── Information shown ──
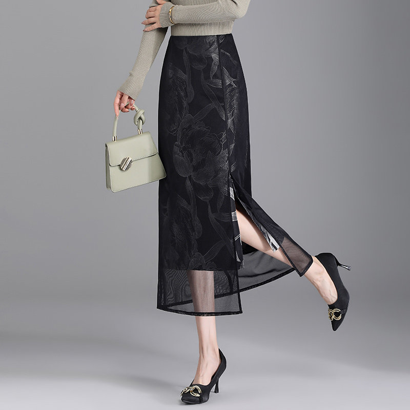 Ретро летняя юбка, цветочный принт, с акцентом на бедрах, свободный прямой крой
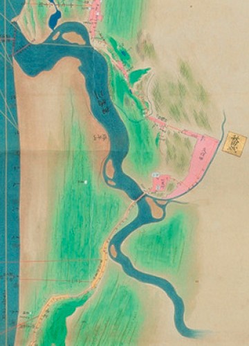 一往、いまの河口部方向も撮影はしてみたが、古絵図と現地図を見比べるかぎり、だいぶ埋め立てもすすんでいるようなので、当然むかしの面影はない。
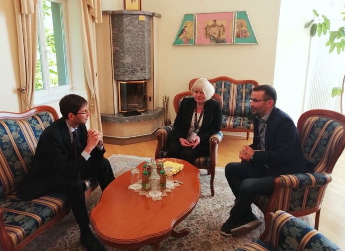 Также в рамках поездки состоялась встреча представителей СЭЗ «Брест» с Чрезвычайным и Полномочным Послом Республики Беларусь в Федеративной Республике Германия Денисом Сидоренко, который поблагодарил за инициативу и поддержал идею СЭЗ «Брест» об использовании площадок крупных международных выставок Германии для установления прямых контактов с представителями деловых кругов не только Европы, но и многих стран «дальней дуги».
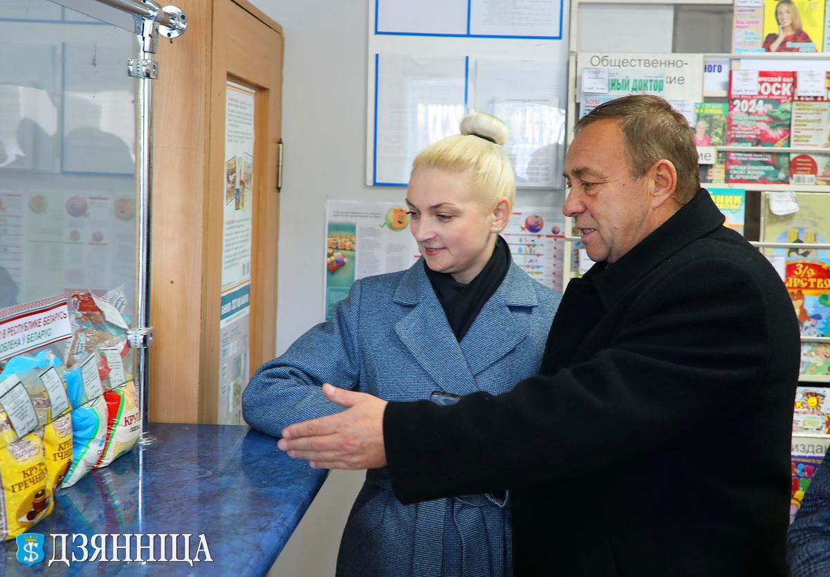 Затем участники выездного мероприятия ознакомились с торговым и бытовым обслуживанием Першемайска: посетили аптеку № 23, отделение почтовой связи, магазин ЧТУП «ЭдемТорг», студию красоты «Цырульня». Посетили гости и административное здание сельисполкома.
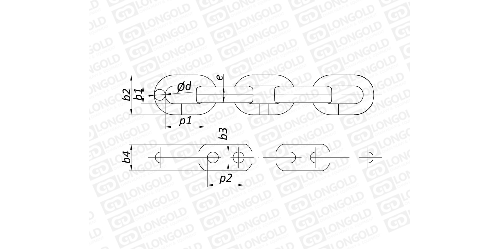 上圖為強(qiáng)化型礦用寬帶鏈的結(jié)構(gòu)圖。
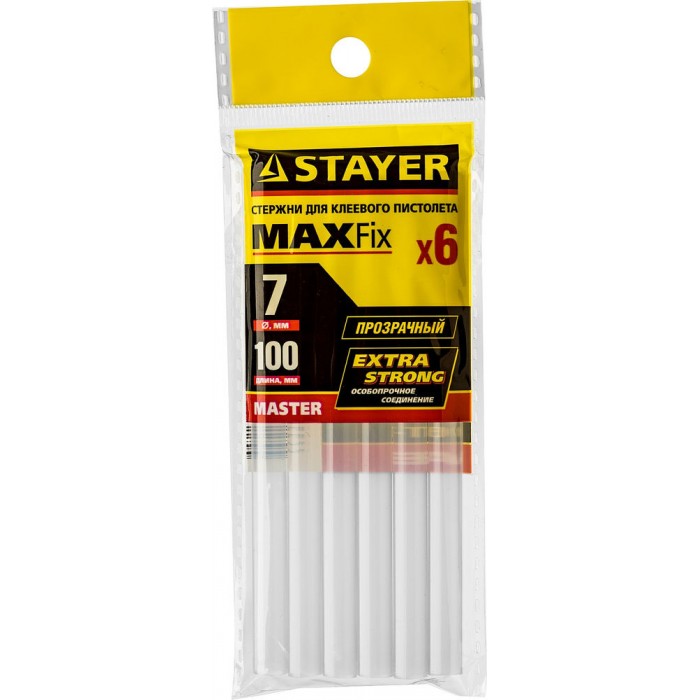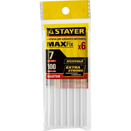 Стержни клеевые универсальные Cristal, 7 х 100 мм, 6 шт, прозрачные STAYER Professional 2-06817-T-S06
───
To do
Copy the entries above faithfully and omit every image.

Output
 Ретро летняя юбка, цветочный принт, с акцентом на бедрах, свободный прямой крой
 一往、いまの河口部方向も撮影はしてみたが、古絵図と現地図を見比べるかぎり、だいぶ埋め立てもすすんでいるようなので、当然むかしの面影はない。
 Также в рамках поездки состоялась встреча представителей СЭЗ «Брест» с Чрезвычайным и Полномочным Послом Республики Беларусь в Федеративной Республике Германия Денисом Сидоренко, который поблагодарил за инициативу и поддержал идею СЭЗ «Брест» об использовании площадок крупных международных выставок Германии для установления прямых контактов с представителями деловых кругов не только Европы, но и многих стран «дальней дуги».
 Затем участники выездного мероприятия ознакомились с торговым и бытовым обслуживанием Першемайска: посетили аптеку № 23, отделение почтовой связи, магазин ЧТУП «ЭдемТорг», студию красоты «Цырульня». Посетили гости и административное здание сельисполкома.
 上圖為強(qiáng)化型礦用寬帶鏈的結(jié)構(gòu)圖。
 Стержни клеевые универсальные Cristal, 7 х 100 мм, 6 шт, прозрачные STAYER Professional 2-06817-T-S06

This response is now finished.